Numerical Analysis/Lagrange example

We'll find the interpolating polynomial passing through the points ${\displaystyle (1,-6)}$, ${\displaystyle (2,2)}$, ${\displaystyle (4,12)}$, using the Lagrange method.

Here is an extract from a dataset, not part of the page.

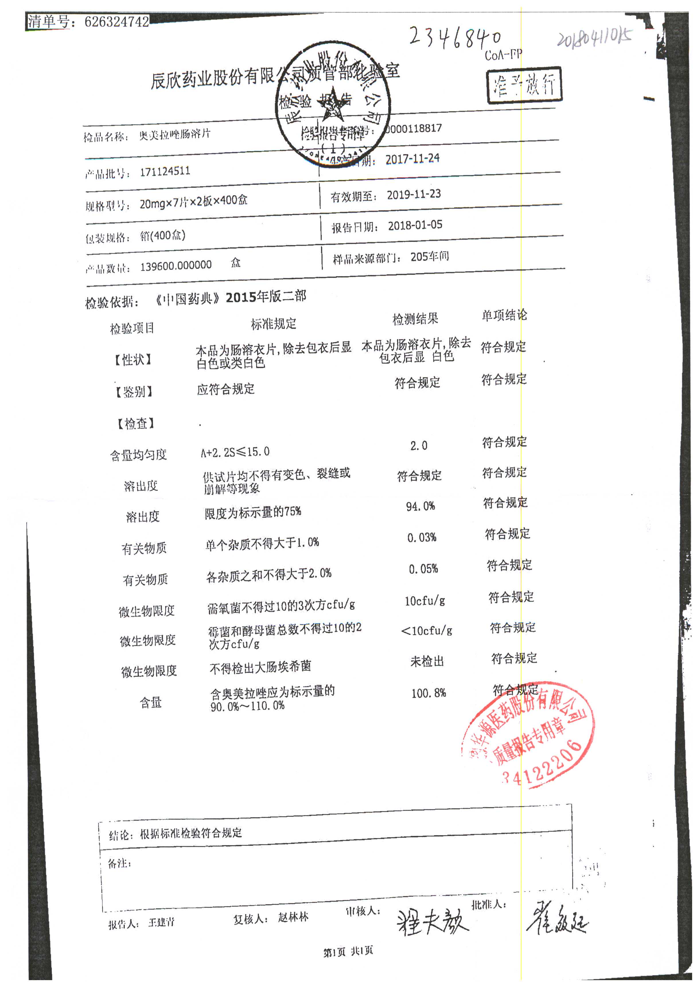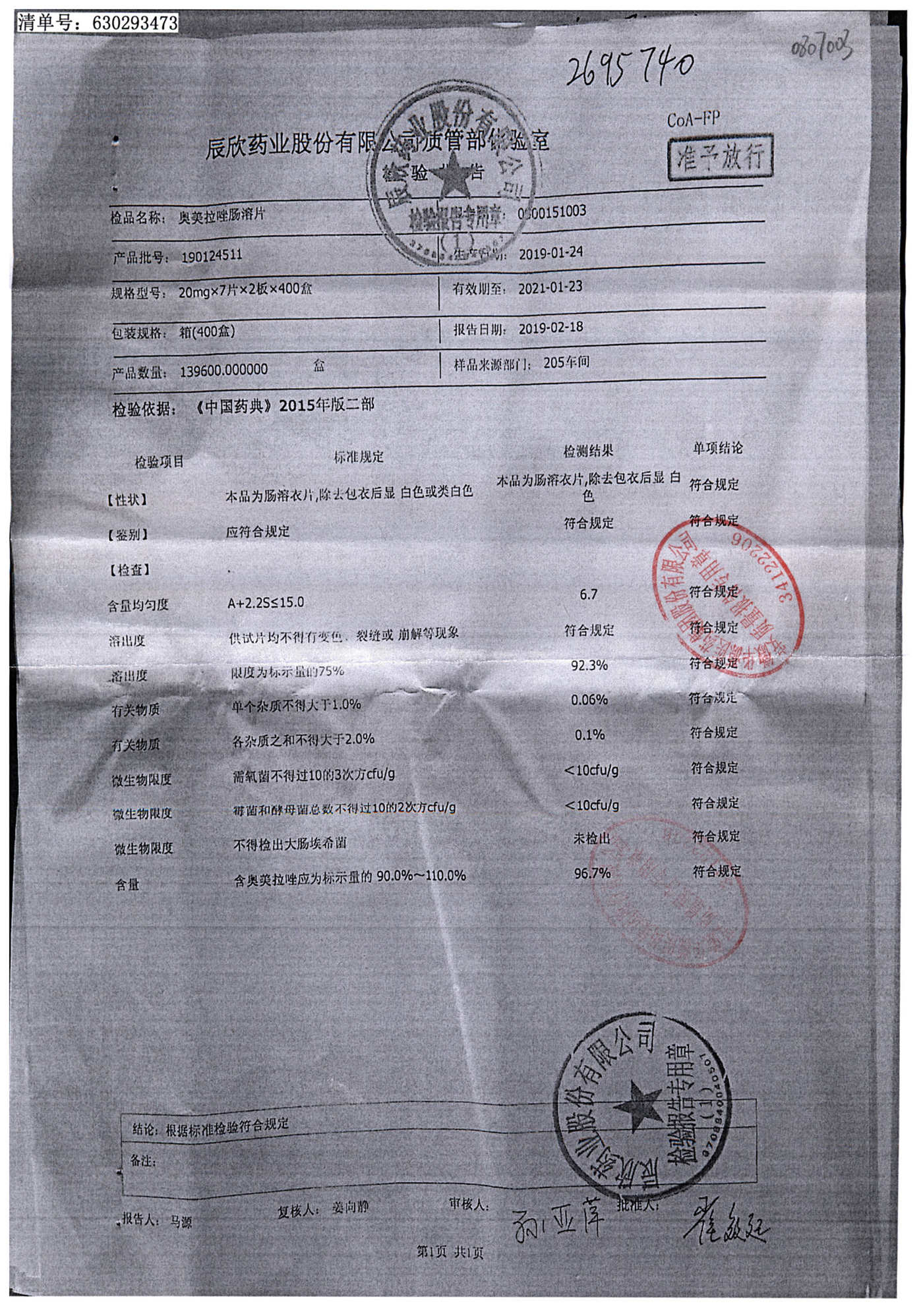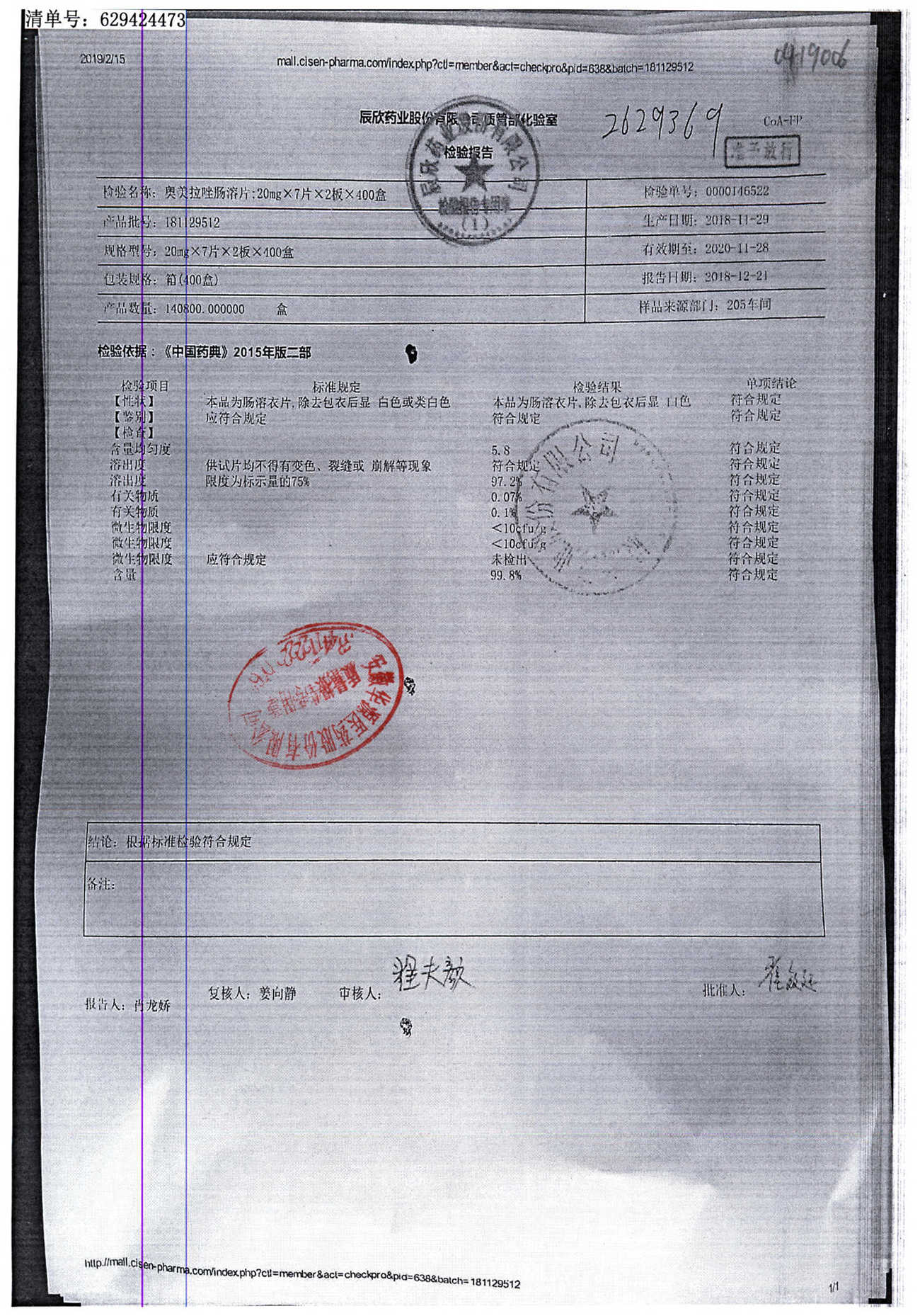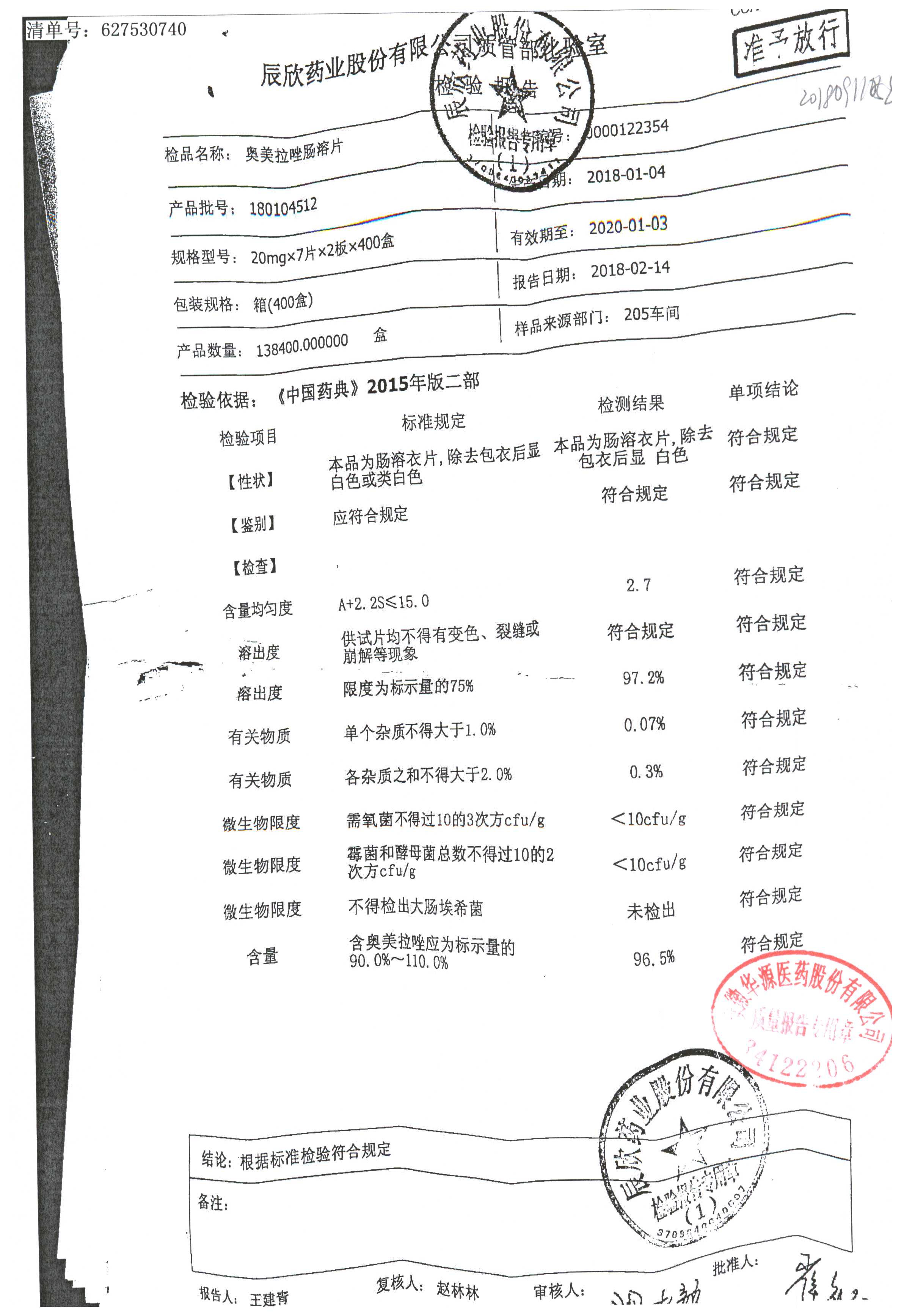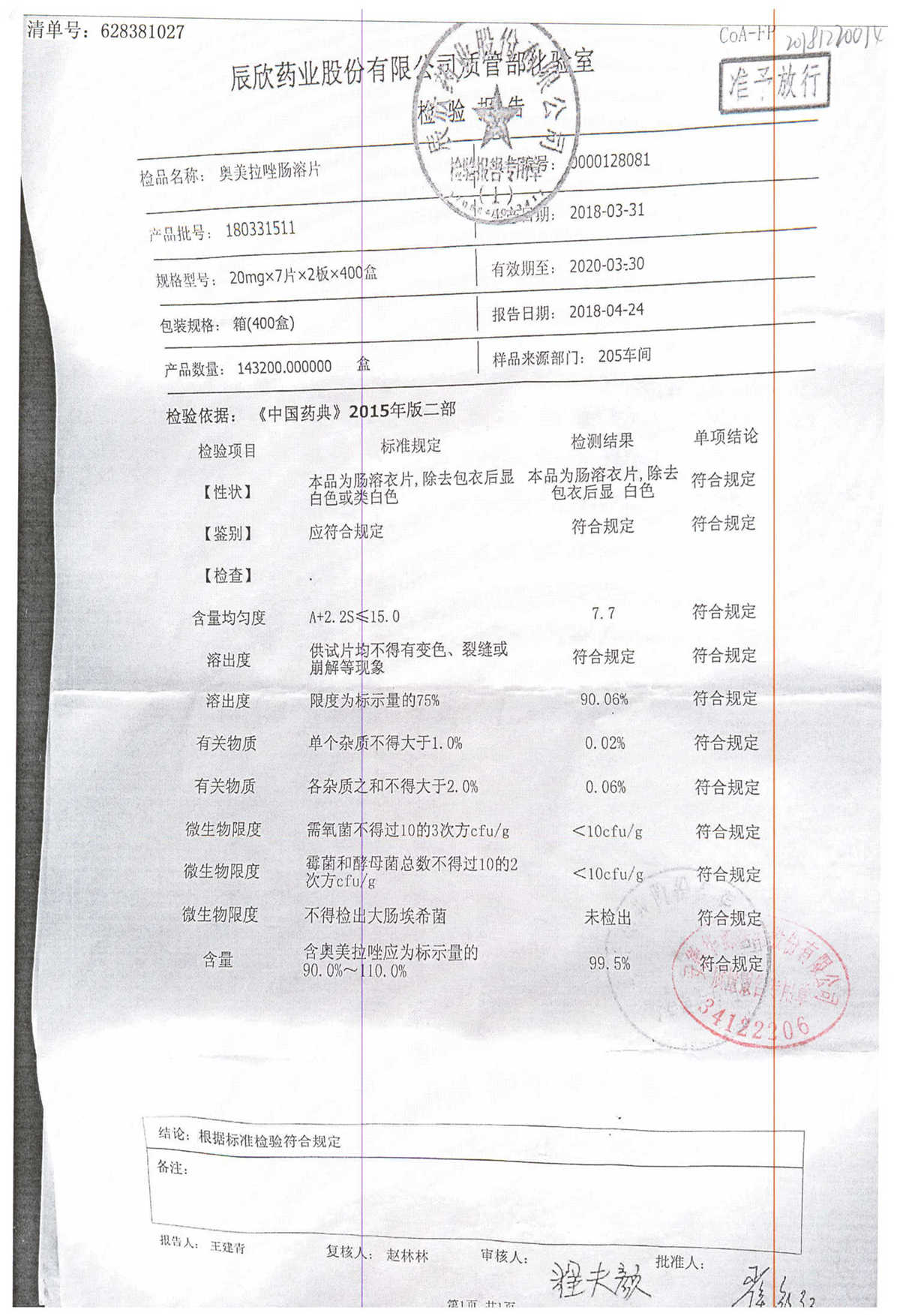 | 奧美拉唑腸溶片 | 20mg | 180331511 | 查看詳情 |

We first use the formula to write the following:

${\displaystyle p(x)=-6\frac{(x-2)}{(1-2)}\frac{(x-4)}{(1-4)}+2\frac{(x-1)}{(2-1)}\frac{(x-4)}{(2-4)}+12\frac{(x-1)}{(4-1)}\frac{(x-2)}{(4-2)}}$

After some simplification, we get:

${\displaystyle p(x)=-2(x-2)(x-4)-1(x-1)(x-4)+2(x-1)(x-2)}$

${\displaystyle p(x)=-2(x^2-6x+8)-1(x^2-5x+4)+2(x^2-3x+2)}$

And our answer:

${\displaystyle p(x)=-x^2+11x-16}$.

Now we'll add a point to our data set, and find a new interpolating polynomial. Let us add the point ${\displaystyle (3,-10)}$ to our set. Starting over with the Lagrange formula, we write:

${\displaystyle p(x)=-6\frac{(x-2)}{(1-2)}\frac{(x-4)}{(1-4)}\frac{(x-3)}{(1-3)}+2\frac{(x-1)}{(2-1)}\frac{(x-4)}{(2-4)}\frac{(x-3)}{(2-3)}+12\frac{(x-1)}{(4-1)}\frac{(x-2)}{(4-2)}\frac{(x-3)}{(4-3)}-10\frac{(x-1)}{(3-1)}\frac{(x-2)}{(3-2)}\frac{(x-4)}{(3-4)}}$

Simplifying, we get:

${\displaystyle p(x)=(x-2)(x-4)(x-3)+(x-1)(x-4)(x-3)+2(x-1)(x-2)(x-3)+5(x-1)(x-2)(x-4)}$

${\displaystyle p(x)=(x^3-9x^2+26x-24)+(x^3-8x^2+19x-12)+2(x^3-6x^2+11x-6)+5(x^3-7x^2+14x-8)}$

And our polynomial is:

${\displaystyle p(x)=9x^3-64x^2+137x-88}$.